Teradata Tactical Workload

DWH Pro Admin

June 4, 2022

minutes reading time


Introduction

In this blog post, we talk about tactical workloads on a Teradata system. While Teradata has received features that support tactical workloads over the years, it is still a challenging workload category to handle. We must ideally choose the physical design to meet user expectations for query speed.

Nothing is more frustrating than designing the Teradata tactical workload on a test environment, only to find out that it does not meet user expectations on the production system.
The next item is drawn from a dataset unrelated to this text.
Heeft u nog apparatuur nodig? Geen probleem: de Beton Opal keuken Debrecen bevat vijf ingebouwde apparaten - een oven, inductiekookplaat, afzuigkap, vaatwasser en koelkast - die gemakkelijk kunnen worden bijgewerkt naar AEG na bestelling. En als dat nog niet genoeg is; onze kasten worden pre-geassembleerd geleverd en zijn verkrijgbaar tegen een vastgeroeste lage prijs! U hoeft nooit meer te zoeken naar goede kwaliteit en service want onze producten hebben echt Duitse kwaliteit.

Over the years, I have often seen applications that execute tactical queries fail to meet user expectations because they were implemented as if they were implementing a data warehouse for a strategic workload.

Let’s take a web application where users can retrieve information about individual customers. This is a classic OLTP task and not necessarily a suitable workload for a data warehouse system. The user will usually expect to be able to click through the customer’s data in real-time. Usability falls and stands with performance.
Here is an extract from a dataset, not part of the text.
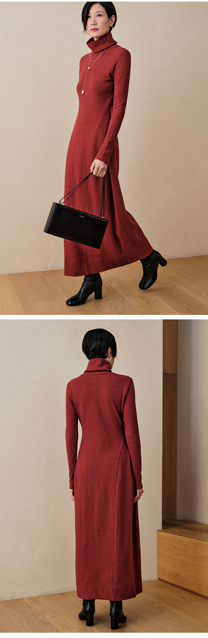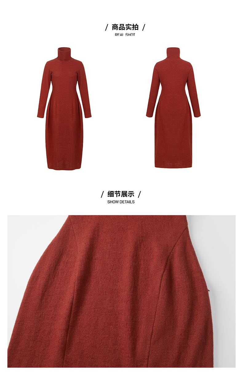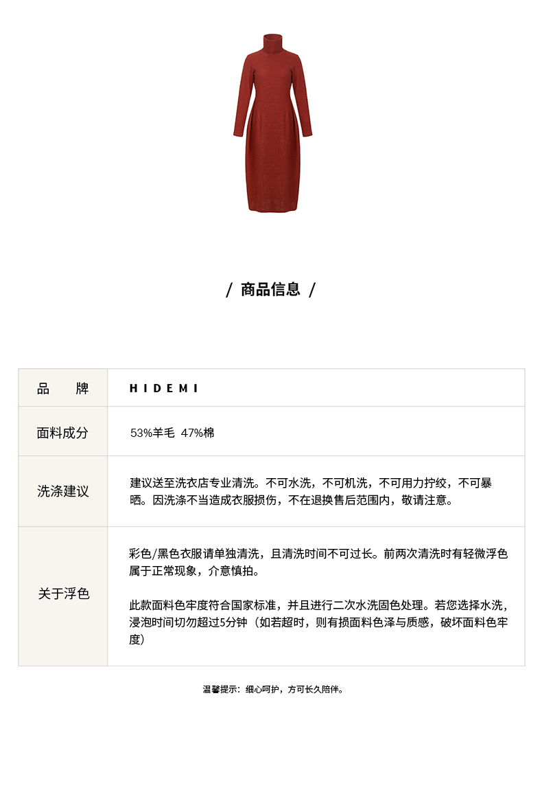 HIDEMI 枫叶棕红色羊毛显瘦茧型设计感轻礼服连衣裙

We need to achieve stable query run times to have satisfied users. No user will find it satisfying if the same query sometimes takes 2 seconds and sometimes several minutes. But this is exactly what I have experienced often because the designers did not consider tactical workload specifics in the physical database design. Usually, applications are developed on an unloaded test system; the big surprise comes when the application is put into production and competing with the production workload.
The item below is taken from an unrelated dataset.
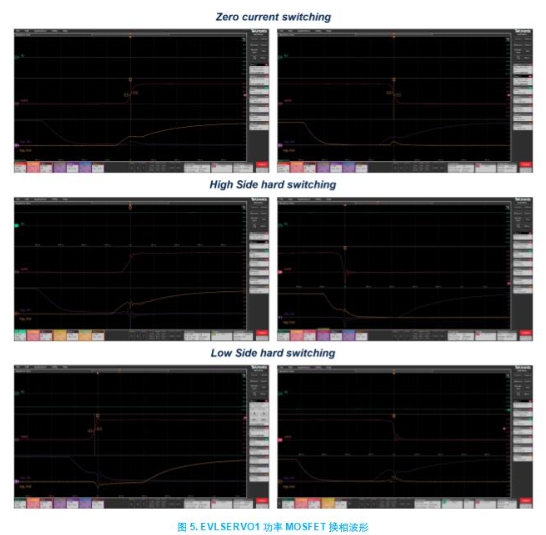 空载时开关特性非常洁净,MOSFET电压与输出电压的上升/下降沿压摆率均约为0.83V/ns。但当输出电流达到90A峰值时,测量电压出现扰动,这归因于功率级路径中的寄生电感。得益于STSPIN32G4及功率MOSFET的鲁棒性,这些扰动仍在安全范围内:低侧硬开关关断控制的上升沿最大过冲约5.3V;高侧硬开关关断控制的下降沿测得对地负向电压约-27V(该脉冲经板对板连接器滤波后至控制板端衰减至-10V)。

The Cause of Performance Problems for Tactical Queries

Teradata is a parallel shared-nothing database system designed to read large amounts of data as efficiently as possible. Unfortunately, this is not what we need for a tactical workload. Here it is about accessing individual physical rows on the disk as efficiently as possible (reading and writing).

The big problem with tactical queries in Teradata is full table scans, as their runtime depends on the Teradata system’s overall load. Of course, we can theoretically improve the runtimes by increasing the size of the system (by adding new nodes). Still, this is usually not feasible, and further, Teradata can return the query result a little bit faster, but the run times are still not stable. I have seen projects where they bought a dedicated Teradata system just to run the tactical application isolated on it. This will usually not be possible for various reasons. The question arises: Why does it have to be a Teradata system? Why not a system that is specialized in tactical workload?

As shown below, the optimization goal of tactical query tuning is to minimize the number of needed IOs to access one or a few rows on a single AMP. Optimally, a tactical query execution plan localizes the work in only one AMP and requires just one data block transfer from disk to memory.

Teradata Tactical Workload

Teradata Workload Management supports tactical queries (which have the above-described characteristics) with a tactical workload group, in which AWTs are reserved and only used for single-AMP accesses. This approach guarantees that tactical queries get their turn immediately and do not have to wait for AWT availability.

However, a query is immediately moved to a lower priority workload group should the query not behave as expected to protect valuable resources (we describe the details later in this blog post)

We aim for a query that does single AMP access to ensure almost the same execution time for each execution. Therefore, achieving a stable execution plan with the proper statistics is essential.

How to design Tactical Workload in Teradata

We need to distinguish between retrieve steps and join steps.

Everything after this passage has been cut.